Friedrich Nietzsche escreveu, em Para Além do Bem e do Mal, que toda grande filosofia é a autoconfissão involuntária de seu autor. A intuição é correta, mas — como Olavo de Carvalho mostra — insuficiente. A filosofia é autoconfissão apenas onde o filósofo aceita que a autoconfissão obrigue. Onde a autoconfissão obriga ainda mais é onde o filósofo finge que ela não obriga: e o próprio fingimento entra, então, no que se confessa. O caso Sartre não é apenas Sartre dizendo o que pensa; é Sartre fingindo que sua vida não desmente o que pensa, e essa ficção é parte do que ele pensa. O caso de toda ideologia totalitária não é apenas o que ela diz; é o que ela faz contradizendo o que diz, e essa contradição é parte do que ela é.

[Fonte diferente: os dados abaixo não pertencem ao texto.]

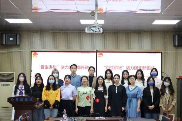 华大青年讯(通讯员 刘璇 陈雨)5月13日中午,外国语学院于3402教室举办了“百生讲坛”活力团支部评比活动。活动旨在落实习近平总书记关于青年工作的重要思想,增强基层团组织凝聚力,引导各支部持续深入地学习习近平新时代中国特色社会主义思想。活动邀请到外国语学院团委书记潘英子、团委副书记牛静、19级英语系辅导员邱领、21级小语种辅导员徐圆和2021年度红旗团支部1902支部团支书季可人担任评委。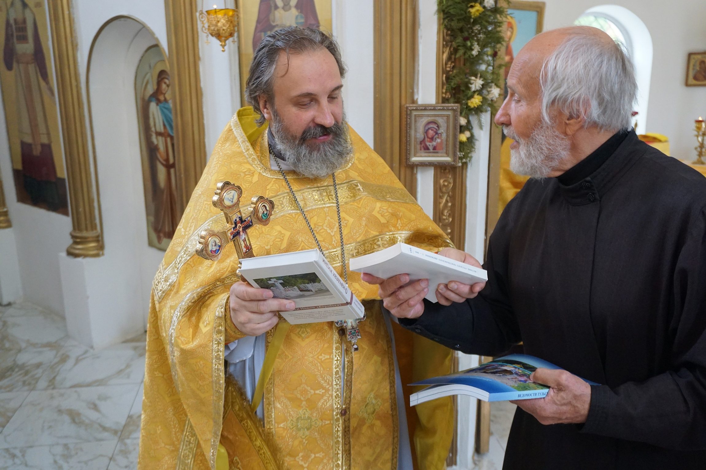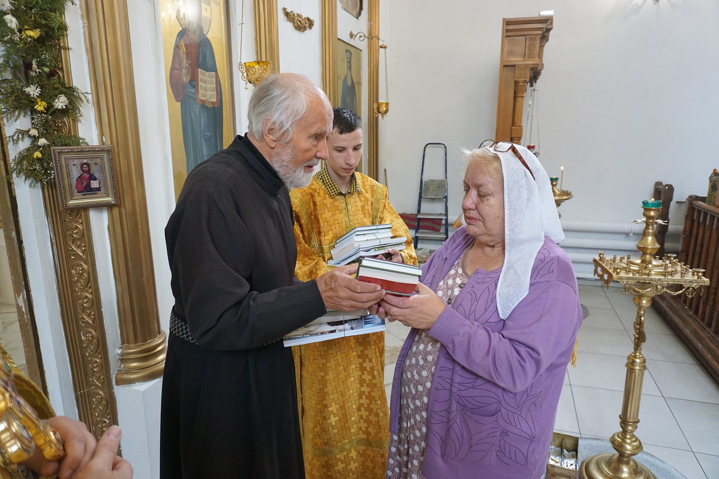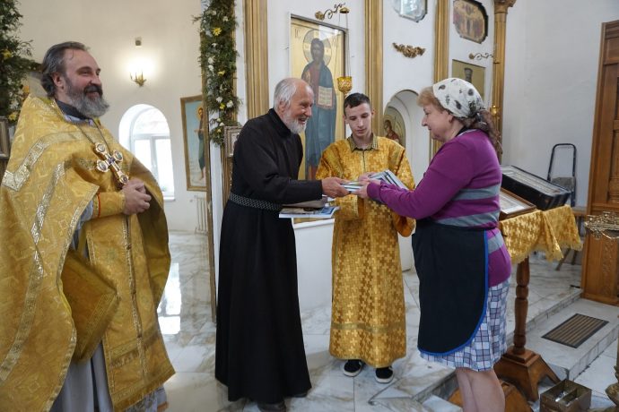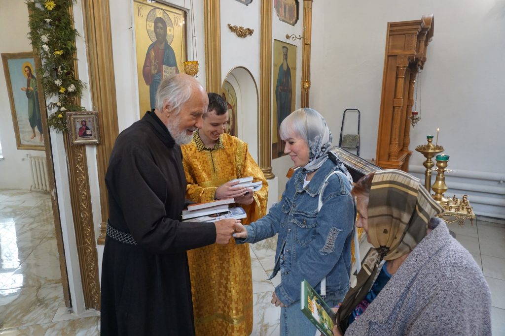 В храме Всех святых, в России просиявших, города Северо-Задонска прошло просветительское мероприятие, организованное совместными усилиями Тульского отделения Общества русской словесности и Новомосковского благочиния, с вручением церковной литературы духовенству, причту и причастникам.

Resta o caminho de volta. Não há, em filosofia, atalho. A unidade entre logos e bios — a phronesis aristotélica,[18] o junzi confuciano, a sapientia tomista — não se restitui por decreto nem por reforma curricular. Restitui-se um filósofo de cada vez, uma vida de cada vez, uma decisão concreta de cada vez. Quando o leitor que acompanha o mundo da filosofia volta ao seu livro, à sua sala, à sua mesa de trabalho, é nessa pequena escala — invisível à universidade, invisível ao mercado editorial — que a tarefa se cumpre. Cada vida pensada com integridade é, hoje, um ato de resistência civilizacional silenciosa. A grande filosofia, no nosso tempo, talvez já não venha da cátedra; talvez venha, como veio em Camus, do lado de fora dela. É para isso que importa ler — com olhos abertos para a doutrina e para a vida, sem aceitar uma sem a outra, sem confundir nenhuma das duas com o que ela não é.

É com essa exigência preparada que devemos agora aproximar-nos dos dois casos mais célebres — e, em certo sentido, mais espantosos — do escândalo da incoerência filosófica contemporânea. Schopenhauer e Heidegger esperam-nos na próxima curva. E é tempo de aproximá-los sem a ingenuidade que os reduziria a meras anedotas, sem o moralismo que os descartaria como simples canalhas, e sem o esteticismo que os absolveria em nome da grandeza da obra. É tempo de aproximá-los com o olhar adulto que a filosofia, em seus melhores momentos, soube cultivar — e que precisa, hoje, ser cultivado de novo.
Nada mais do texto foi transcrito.